Il gesto è stato condannato con fermezza dal Comitato di sostegno al popolo tunisino (CSPT) in Svizzera, che ha esortato la polizia a fare piena luce sulla vicenda. Interpellato dall’Agenzia telegrafica svizzera, il coordinatore del CSPT, Anouar Gharbi, ha dichiarato di nutrire dubbi su quanto accaduto. «È nell’interesse del regime del presidente Ben Ali di sviare l’attenzione da quanto succede in Tunisia e di rompere lo slancio di solidarietà creatosi in Svizzera verso il popolo tunisino», ha affermato Gharbi, rilevando le forti similitudini tra questo attacco e quello al consolato di Tunisia a Pantin, nei pressi di Parigi, dove domenica era avvenuta una debole esplosione.
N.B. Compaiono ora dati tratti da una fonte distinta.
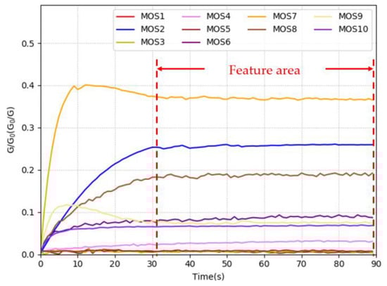 All the experiments were conducted in the author’s laboratory (temperature: 25 ± 1 °C, relative humidity: 50 ± 2%). Figure 1 presents the schematic diagram of the collection of odor information using the E-nose. Before using the E-nose to collect data, the pear was placed into a crisper (polypropylene, 150 mm × 150 mm × 180 mm) for 900 s to allow the volatile odor of the pears to fill the crisper. We used the 15 polypropylene crispers to place the sample pears in our experiments. The crisper was cleaned with air filtered by activated carbon after a pear was sampled and not be reused until the remaining 14 crispers were used. The E-nose operation consisted of the collection and cleaning stages. During the collection stage, air flows into the crisper in the direction of arrow-1 and flows out of the E-nose in the direction of arrow-3. During this stage, valve-1 is in the open state and valve-2 is in the closed state. The sample’s volatile gas was drawn into the E-nose at a constant flow rate of 10 mL/s and came into contact with the ten MOS sensors in the chamber. As the sensor surface became saturated, the conductivity increased, and the value stabilized. The collection stage lasted 90 s. During the cleaning stage, air filtered by activated carbon was drawn into the E-nose in the direction of arrow-2 to remove the substances adsorbed on the surface of the sensor. During this stage, valve-2 is in the open state and valve-1 is in the closed state. The cleaning stage also lasted 90 s to ensure that the material adsorbed on the surface of the sensor was removed entirely. The cleaning stage occurred after the completion of the collection stage. According to the characteristics of the MOS sensor, the response curve of the sensor increases rapidly initially and then flattens gradually in the collection stage. The stable value (SV) is a crucial and simpler feature parameter of the E-nose response signal, which can reflect the properties of substances in the volatile gas and be used in pattern recognition algorithms appropriately. We used the SV of the response signal as the input data of the neural network. Since the response signal of the PEN3 E-nose entered the stable state at 30 s, we used the data from 31 s to 90 s as the SVs. An example of the response curves of the E-nose for pears during 90 s of collecting stage was showed in Figure 2. Each curve represents the ratio of G (the conductivity of sensors contact with sample’s volatile gas) to G0 (the conductivity of sensors contact with air filtered by activated carbon) and the feature area was displayed between the two red dotted lines. Therefore, the data we obtained were expressed as a 14,400 × 10 matrix for training, and a 6120 × 10 matrix for testing (the sampling period of the E-nose was 1 s).

Per il politologo e specialista del Maghred Ahmed Benani è anche plausibile che l’atto sia stato compiuto da maghrebini. «È solo un’ipotesi, ma bisogna sapere che l’appoggio – o il silenzio – di certi paesi occidentali nei confronti del regime di Ben Ali suscita la collera di molti maghrebini che vivono in Europa», ha dichiarato ai microfoni della Radio della Svizzera romanda.
Reazioni europee poco decise
Il Dipartimento federale degli affari esteri (DFAE) ha dal canto suo reagito per la prima volta mercoledì a quanto sta accadendo in Tunisia e in Algeria, esprimendo la sua preoccupazione e presentando le condoglianze alle famiglie delle vittime. Berna ha inoltre lanciato un appello al dialogo e al rispetto dei diritti umani, «che includono anche la libertà d’opinione e di riunione».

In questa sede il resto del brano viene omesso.